Sunday, December 13, 2009

Maternidade

Fui caminhando rápido na pressa de não chegar em casa. Na casa que não é meu lar, e morar fora do lar machuca. Mais um dia que eu não consegui sorrir integralmente. Foram sombras de alegria até que minha mãe me visse fora da minha jaula. Não me vira nu, como vim ao mundo, nem dilacerado como sou sob as vestes. Me vira com minhas mil máscaras tristes e incorretas, de fumar, beber, falar merda, com pessoas que ela não gosta antes de conhecer.

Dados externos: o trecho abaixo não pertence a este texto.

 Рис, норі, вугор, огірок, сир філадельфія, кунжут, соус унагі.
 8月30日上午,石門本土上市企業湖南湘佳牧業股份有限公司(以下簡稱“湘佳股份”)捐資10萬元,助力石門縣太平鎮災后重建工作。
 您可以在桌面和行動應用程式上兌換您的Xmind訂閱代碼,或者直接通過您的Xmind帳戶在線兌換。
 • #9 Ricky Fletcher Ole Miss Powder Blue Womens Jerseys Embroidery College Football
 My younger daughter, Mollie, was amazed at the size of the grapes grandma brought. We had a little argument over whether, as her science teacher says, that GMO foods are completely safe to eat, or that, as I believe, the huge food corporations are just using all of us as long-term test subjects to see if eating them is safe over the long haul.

- Mãe, você está com raiva de mim?

- Não estou com raiva, estou magoada.

- Ah, sim – disse, saindo do quarto escuro onde ela remoía o que vira.

- Minha mágoa não te importa, então?

- Não é que não me importe, mas quanto à raiva eu poderia fazer algo. Quanto à mágoa, só posso sentir culpa.

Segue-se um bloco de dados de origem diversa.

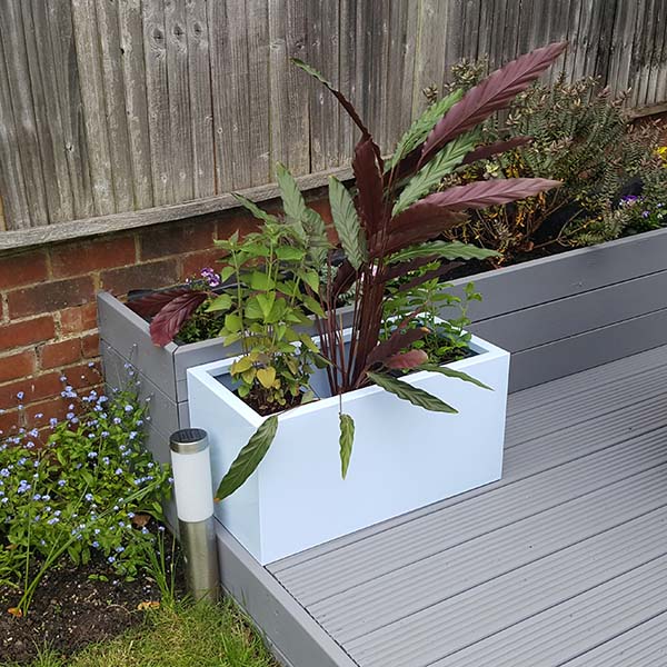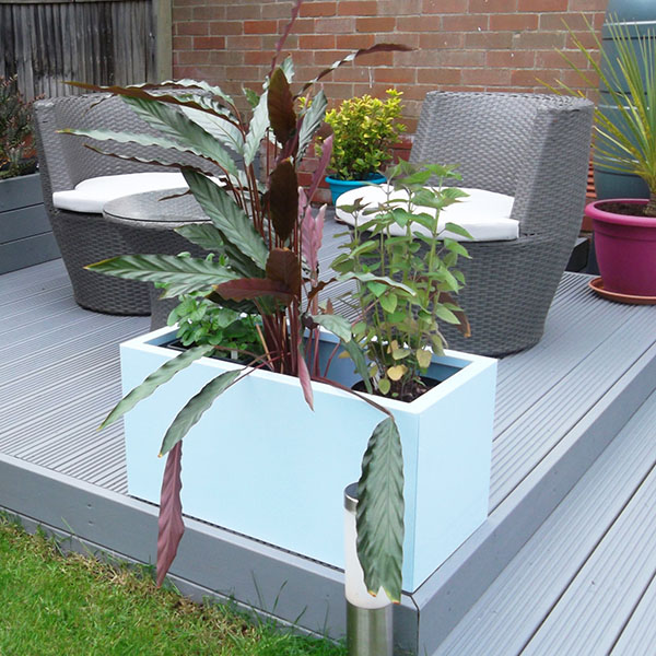 Absolutely! This flower planter has been purpose-made for gardens and can easily match grey and pastel blue-coloured decking, fences and sheds.
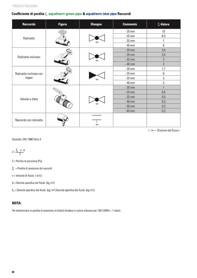 Coefficiente di perdita ζ aquatherm green pipe & aquatherm blue pipe Raccordi
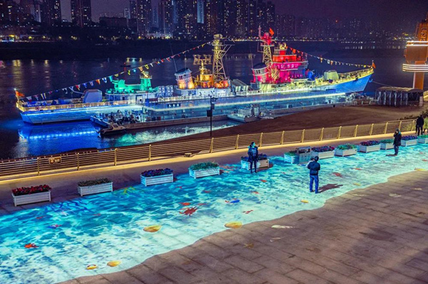 在重慶建川海疆博物館景區(qū)內(nèi),15臺激光投影儀將一條兩百多米長的沙灘投射在了地面:海浪不時拍打在沙灘上,不少魚、蝦、螃蟹正在水里游動,非常逼真。同時,為了增添景區(qū)夜間的觀賞性,制作方還采用了雷達技術,讓游客得到沉浸式的互動體驗:當人在沙灘上來回散步時,腳下會出現(xiàn)一朵朵浪花,仿佛讓人身臨其境。
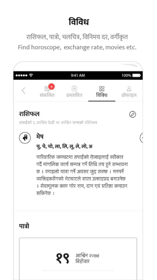 * Find horoscope, Nepali calendar, movies, exchange rate, classified etc.
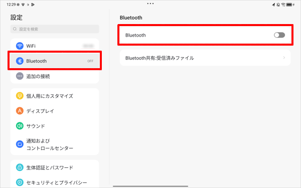 画面左側から「Bluetooth」をタップし、表示されたメニューの「Bluetooth」が「オン」になっている場合は、右端のつまみをタップして「オフ」にします。

E a culpa é um prelúdio que pede perdão incessantemente, é uma canção triste. Só podia resignar-me a sentir o que doía nela.

Ah, mãe, não me culpe por não precisar de você. E não culpe-se também. Mas eu cresci tanto que eu já não posso te necessitar, e nem o quero, como você não quis precisar de tua mãe. Esse egoísmo quase biológico é tão natural. Dá a continuidade à essa vida humana sem sentido.

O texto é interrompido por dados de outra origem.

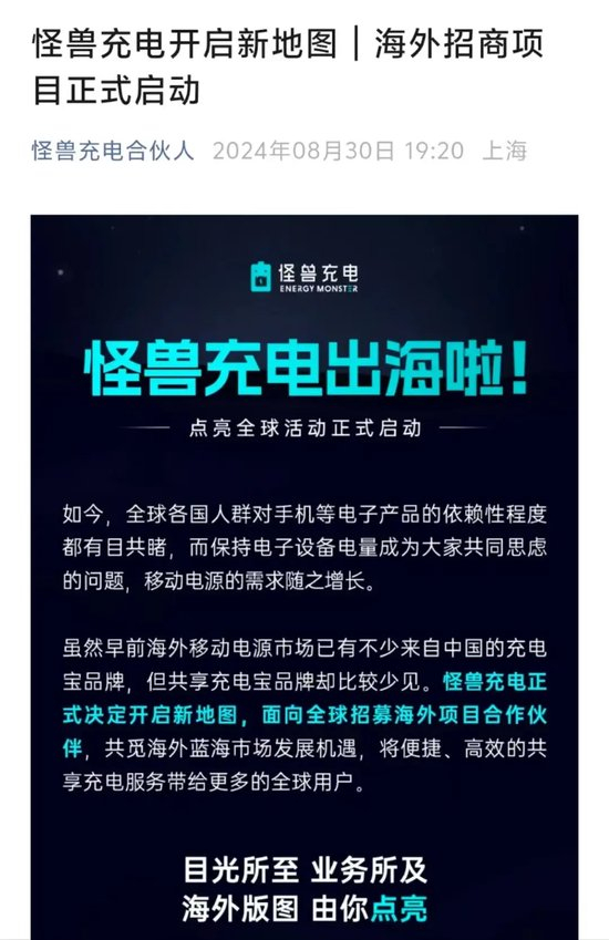 2024年8月,怪兽充电在公众号“怪兽充电合伙人”宣布,全球对移动电源的需求在增长,怪兽充电正式决定开启新地图,面向全球招募海外项目合作伙伴。
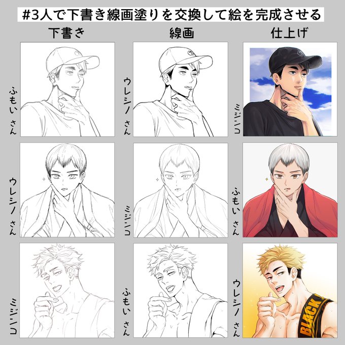 #3人で下書き線画塗りを交換して絵を完成させる
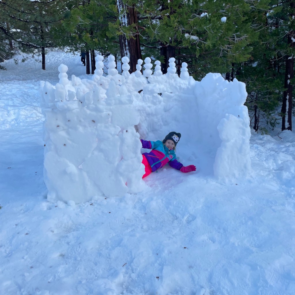 We found a spot that our friends had been to before, where there were inclines for sledding and space for snow building. In fact, someone before us has crafted a snow castle, which Ella really loved.
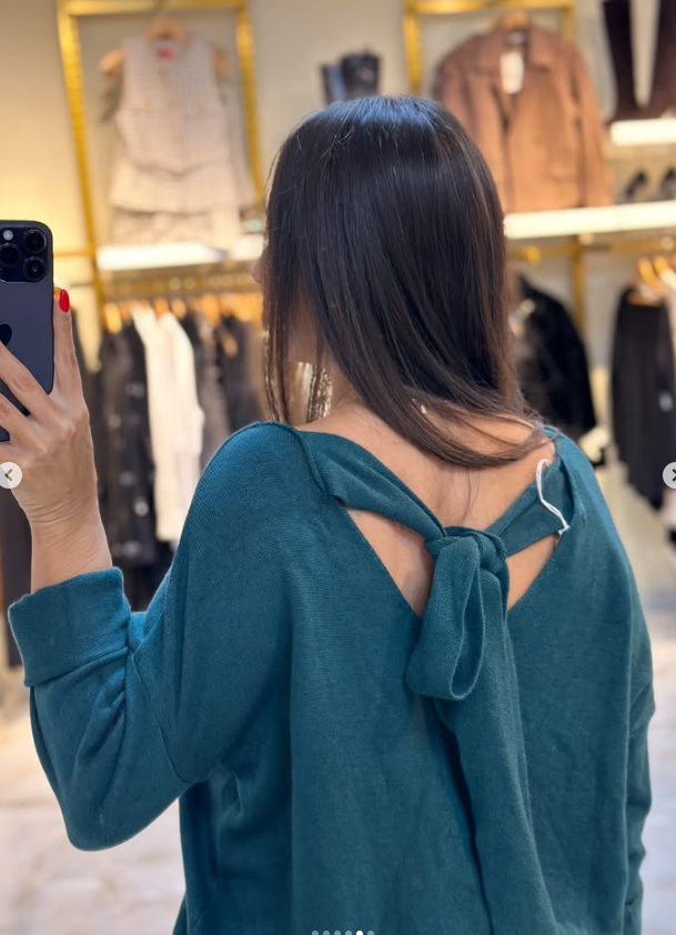 Yeni Sezon ithal Tasarım Triko – Sırtı Fiyonk Bağlama Detaylı
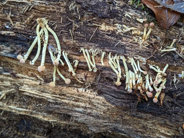 These clustered fungi had mottled orange-yellow caps and pale,sulphur-yellow stems.

E eu queria poder me perdoar. Eu peço perdão pelas coisas que já te disse, e esse pedido está nas coisas que nunca te disse, como o quanto eu te amo. Mas eu jamais precisara dizer que te amava. Você sempre soube, porque é assim que tem de ser, eu te amar e por ti ser amado. E como eu nunca questionei teus segredos, nem mesmo te questionei os meus segredos, me reservo o direito de manter meu sangue escorrendo lento e mudo. E sei que sua compaixão também é quieta, nos teus olhos severamente tristes. Assim, entrementes, vivemos.

Agora sossega em tua cama e volta ao sono do qual te arranquei. Não posso te devolver a vida e a liberdade que tinhas, pois a luz você me deu e agora não tem mais volta. Então padece, mãe, no teu paraíso, que eu tento ser feliz no meu inferno.